A chaotic apartment: dented beer cans, assorted musical instruments, dirty walls, kitschy objects strewn about. Another play about angsty twenty-somethings trying to decide what to do with their lives? Look again: the revolutionary banners and scrawled slogans add up to more than the stuff of typical college-age rebelliousness. So: a play about 1960s radicals? Look (and listen) yet again: it's 2009, iPods are everywhere, Barack Obama is President, and this is a play by the Amoralists. Hackneyed convention is not on the menu.
At the center of the tale is a reverse-Prodigal Son story. Billy (James Kautz), a drug-addicted revolutionary and the emotional focal point of an anarchic sexual foursome, receives a visit from his straight-arrow younger brother Evan (Nick Lawson). Though Billy is the one who is estranged from his family, Evan's manic, hilarious frat-boy wiggerspeak is as bizarre and incomprehensible to Billy's tribe as the group's four-way "marriage" and off-the-economic-grid lifestyle are to him and the outside world.
But Evan quickly forms an attachment to Dawn (Mandy Nicole Moore), the newest, youngest, and most honest member of the foursome. And when bad news arrives in Act Three, wrenching complications ensue.
Playwright Derek Ahonen has a finely tuned ear for the way his Communist-Anarchist-Environmentalist heroes and heroines talk. The play skewers their free-love and pop-psychology platitudes, while loving the characters to death at the same time. I say "the play" because while Mr. Ahonen may be responsible for the dialogue, the Amoralists truly are, as their mission statement proclaims, an "actor driven" company. It feels as if these actors were born to play these parts. The play is a perfect whole — not for a second is the theatrical spell broken. And somehow the political and moral message survives all the mockery.

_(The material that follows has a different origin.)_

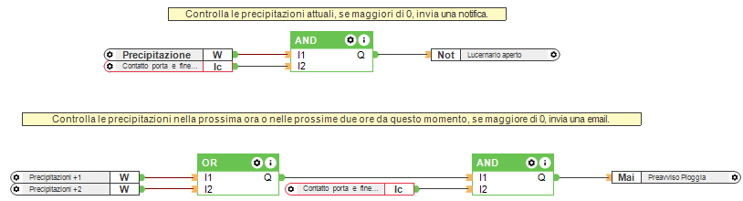 Nell’esempio ci siamo appoggiati sulle precipitazioni correnti per inviare un avviso (urgente) e sulle previsioni per le prossime due ore per inviare un avviso via email (meno urgente). Gli avvisi vengono inviati solo se il contatto della finestra rileva una finestra aperta. Se il cliente dispone di finestre controllate elettronicamente, l’avviso può essere accompagnato dal comando per chiuderle. La frequenza del controllo delle previsioni e la modalità di avviso possono essere impostati dal client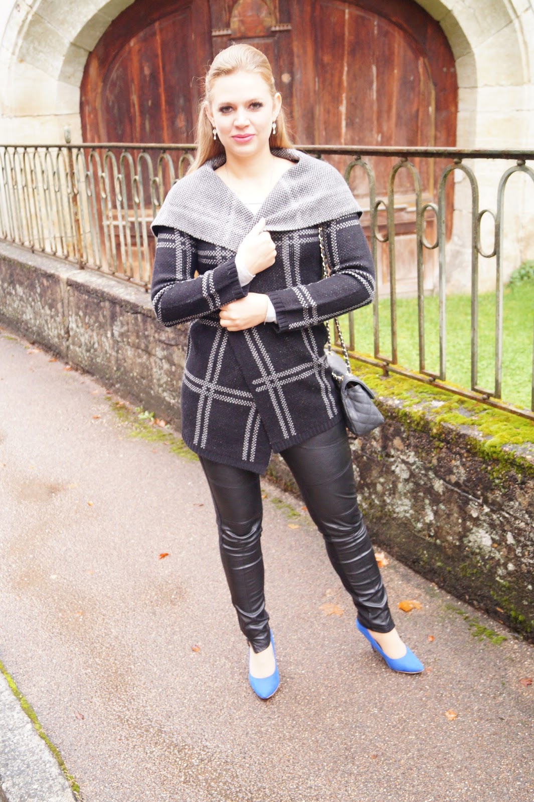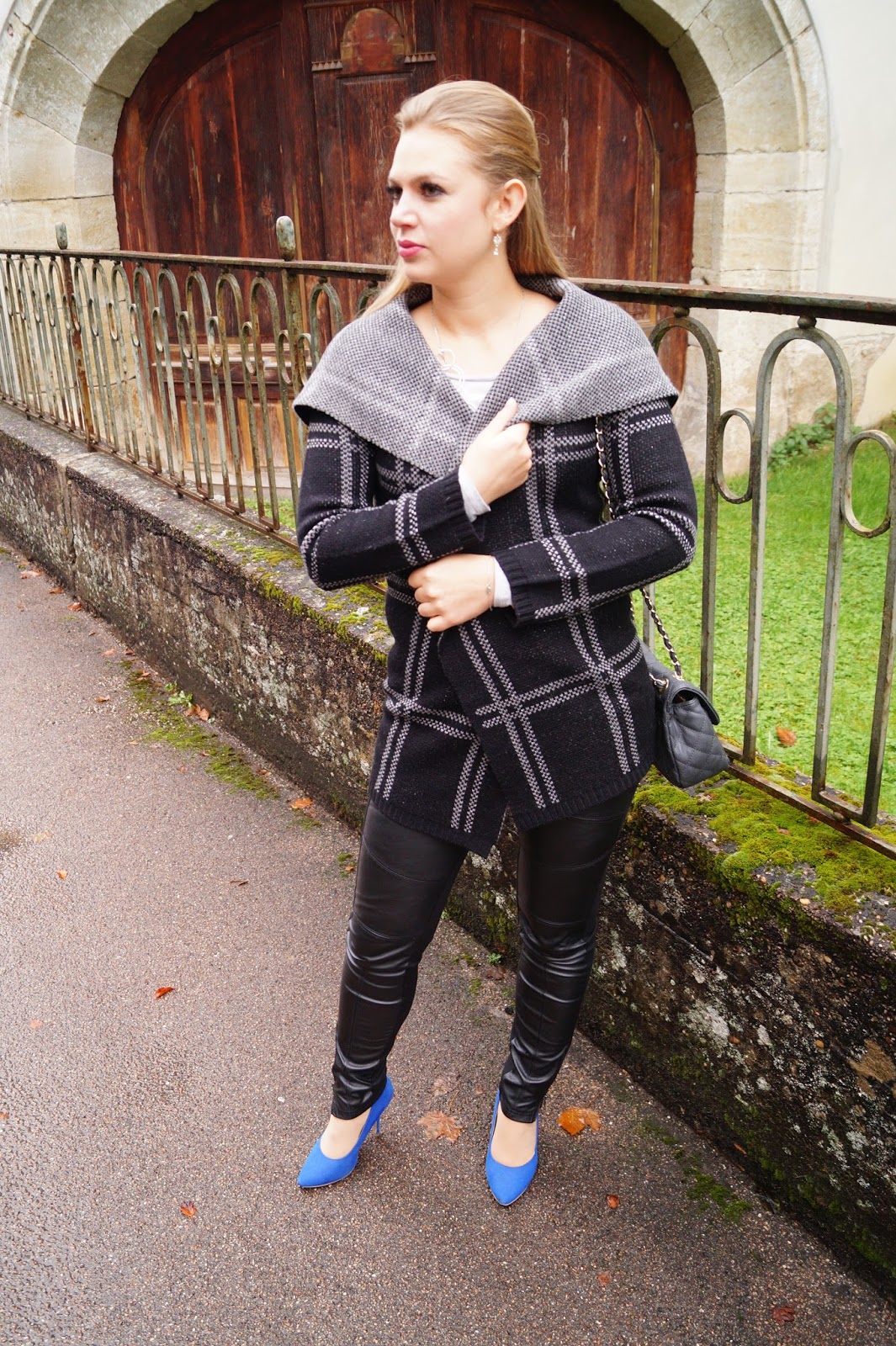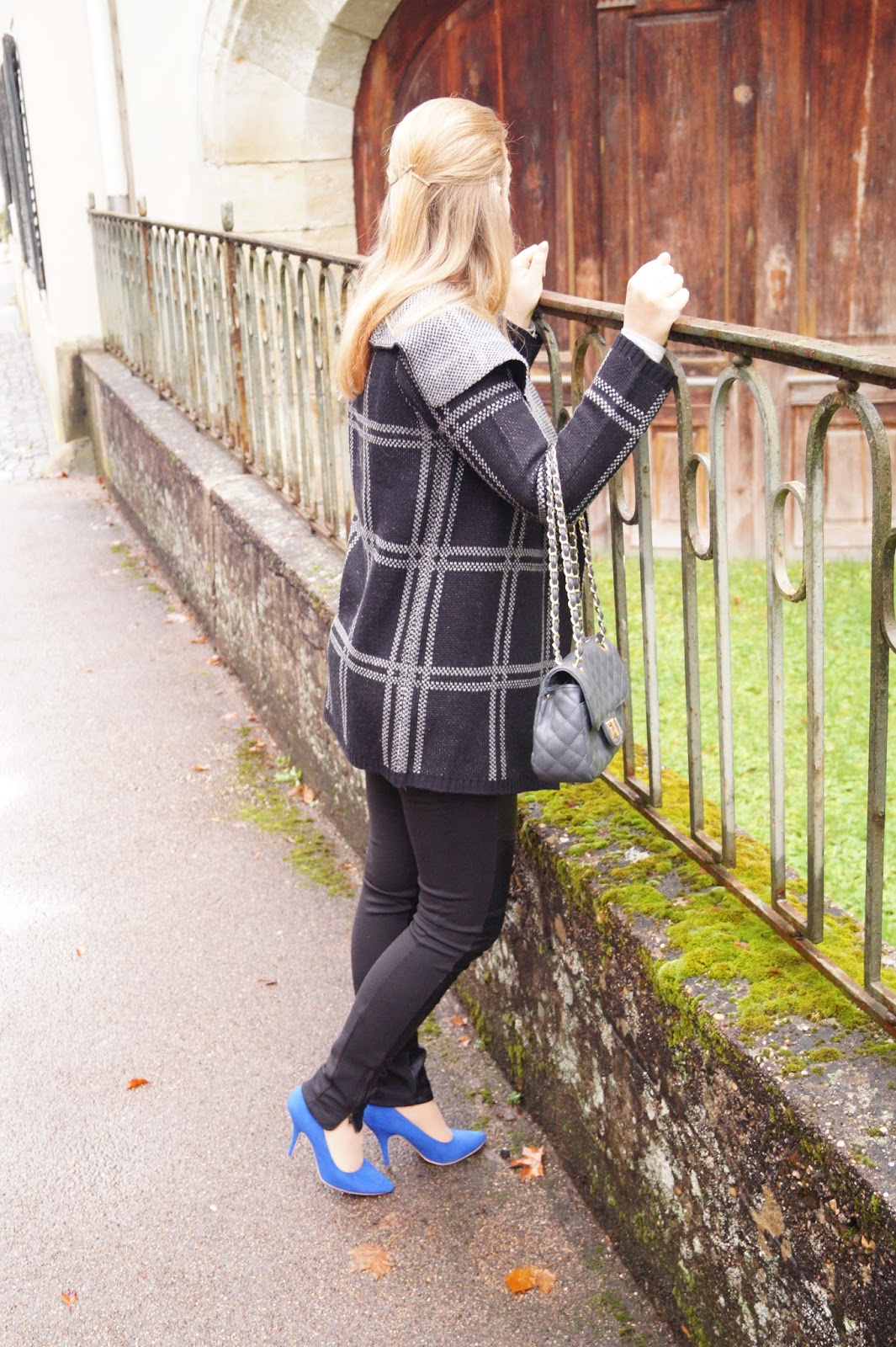 todays outfit is all about the coat. I like those kinds of coats a lot. It is made of wool and it is perfect for fall cause it is so cozy and warm. It is also perfect to transit into the Winter months cause you can easily wear it under a jacket and as it is silver and black you can combine poppy colors to it. I added some color with those bright blue pointed heels.

Matt Pilieci, who plays the volcanic, hyper-vital yet death-obsessed Wyatt, and Mr. Kautz are reprising their roles from the 2007 production. The impish Ms. Moore isn't, but she is just as perfectly locked into her role, and the same is true of the darkly focused Sarah Lemp, who plays Dear, the fourth member and the group's mother figure. Each of the four can dominate the stage in one way or another; together they're an ensemble of scary intensity, one minute boiling in anger, the next erupting in crazed funnyness, yet always, in their overcooked way, seeming to truly love one another.